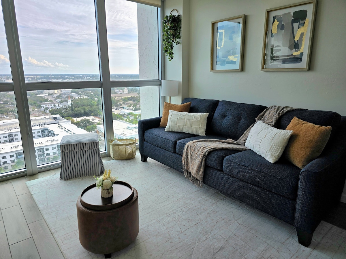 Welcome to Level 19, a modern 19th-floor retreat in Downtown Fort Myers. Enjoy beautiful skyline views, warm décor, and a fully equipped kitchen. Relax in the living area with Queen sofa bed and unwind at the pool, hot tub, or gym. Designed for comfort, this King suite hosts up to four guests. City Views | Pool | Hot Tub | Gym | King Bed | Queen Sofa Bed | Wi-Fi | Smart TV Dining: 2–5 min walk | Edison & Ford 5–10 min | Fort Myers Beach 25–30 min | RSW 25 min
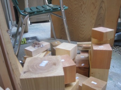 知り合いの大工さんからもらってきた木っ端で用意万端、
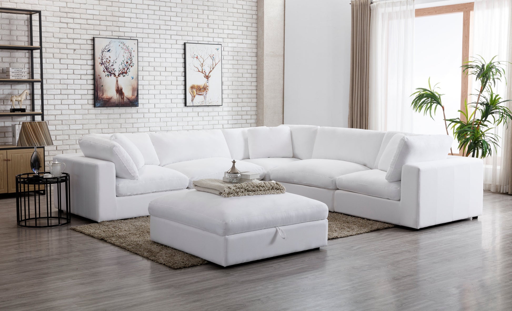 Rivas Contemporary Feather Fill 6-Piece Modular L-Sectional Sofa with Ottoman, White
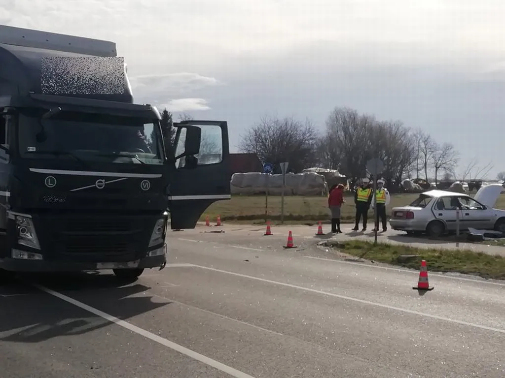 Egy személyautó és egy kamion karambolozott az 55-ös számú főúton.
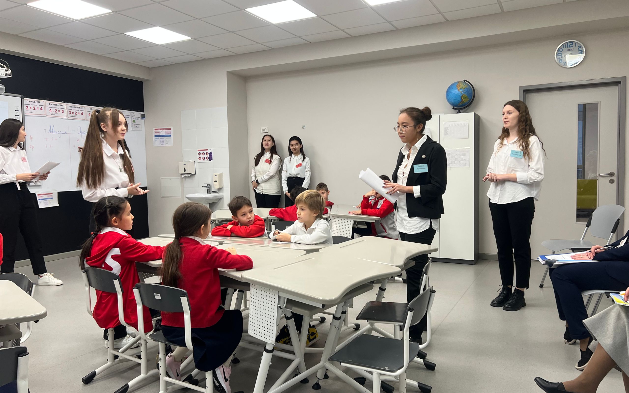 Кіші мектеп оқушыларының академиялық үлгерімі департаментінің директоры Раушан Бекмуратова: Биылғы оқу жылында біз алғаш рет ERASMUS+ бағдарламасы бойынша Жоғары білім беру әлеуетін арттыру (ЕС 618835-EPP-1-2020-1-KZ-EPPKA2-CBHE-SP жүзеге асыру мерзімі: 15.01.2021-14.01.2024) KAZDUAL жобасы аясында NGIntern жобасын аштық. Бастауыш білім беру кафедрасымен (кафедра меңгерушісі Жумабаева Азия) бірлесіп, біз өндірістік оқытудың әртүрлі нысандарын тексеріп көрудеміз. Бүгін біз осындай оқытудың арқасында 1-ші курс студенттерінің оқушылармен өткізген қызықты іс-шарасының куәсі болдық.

[WORK ITEM]
Without any picture, return exactly the lines of the records above from the first through the line that contains "知り合いの大工さんからもらってきた木っ端で用意万端、".

[SOLUTION FOR THIS EXERCISE]
 Welcome to Level 19, a modern 19th-floor retreat in Downtown Fort Myers. Enjoy beautiful skyline views, warm décor, and a fully equipped kitchen. Relax in the living area with Queen sofa bed and unwind at the pool, hot tub, or gym. Designed for comfort, this King suite hosts up to four guests. City Views | Pool | Hot Tub | Gym | King Bed | Queen Sofa Bed | Wi-Fi | Smart TV Dining: 2–5 min walk | Edison & Ford 5–10 min | Fort Myers Beach 25–30 min | RSW 25 min
 知り合いの大工さんからもらってきた木っ端で用意万端、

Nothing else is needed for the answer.